Tuesday, 14 April 2015

Revision - making it stick

This is the first of a couple of posts about revision.  This has been inspired (if that's the word) by my need to help my pupils understand what revision looks like, because between you and me, I'm shocked at how vague many of them are about how to learn.  My holiday reading has therefore been "Make it stick" by Peter C. Brown. Reading this book made me think about how I can make the process of revision explicit for my pupils. This is not a review of the book, but is my attempt at thinking through how I want to get the pupils to apply the principles in their MFL revision in the coming weeks (apologies to my colleagues teaching French GCSE, who don't have the luxury of time).

The goal
To recognise and understand all of those words IN A FLASH in the exam - that means you need FAST RETRIEVAL from your LONG-TERM MEMORY
The principles
1. Use it or lose it
Done your revision on Healthy Living? Lovely. Well done,you. But if you want it to stick, you've got to return to it and practise it again for it become part of your long-term memory. The more you return, and the more defined the path will become.
2.  Mix it up
Switch between topics, switch between skills.  You don't get bored, your brain doesn't get bored, and the effort you have to put in to remember different topics strengthens your long-term memory.
3.  Get your learning spaced out!
Don't bunch everything from one topic up in one session or week.  Space your revision of the topic out, so you have to dig the knowledge back up again
4.  No pain, no gain
Maybe not pain, but definitely effort, but that doesn't rhyme. The more effort you need to remember something during your revision, the better you remember it.
5.  Don't assume - it makes an ass out of u and me
You've done a whole hour's revision! Woo-hoo! But have you tested yourself to see what's gone in?
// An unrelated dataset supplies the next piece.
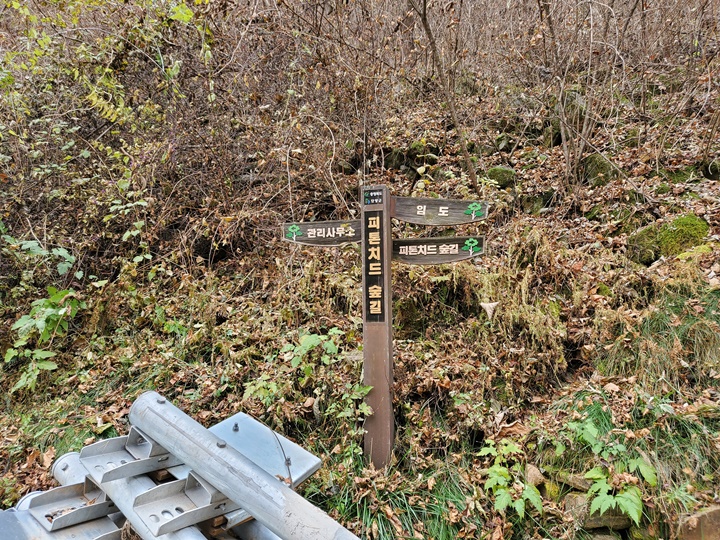 다음날 아침에는 피톤치드 숲길을 산책하려고 했는데, 비로 인해 유실되었는지 산책로가 돌무더기로 없어져 산책을 하지 못해 아쉬웠다. 원래라면 화전민촌을 한 바퀴 돌아오는 가벼운 코스로 50분 소요된다고 한다. 아침산책을 짧게 마치고 퇴실 준비를 한 다음 쓰레기를 처리하고 카드키를 반납했다.

Making it manageable AND effective

So - what should their revision look like at home? We still have quite a lot of lessons ahead of us, so this is in addition to what they are doing in class. Asking pupils to do 20-25 minutes a day sounds much more manageable to them. They may not always do it, but if they can sign up to the principle of it, then we are getting somewhere.

1.  Every day – 5 minutes quiz on what you did yesterday

                        - 15 minutes active learning new topic with flashcards (quizlet.com)
                           Learn difficult words/irregular verbs in a phrase or sentence
                       - 5 minutes make yourself a quiz to re-use tomorrow and later on
                          Good types of quiz questions:

                         1.  Fill in the gap
                         2.  find the opposites
                         3.  word association games

2.  Once a week (MINIMUM) – skills practice. 
Either a past paper or listening/reading exercise from kerboodle from last week’s topics.
Make a quiz out of the questions you got wrong.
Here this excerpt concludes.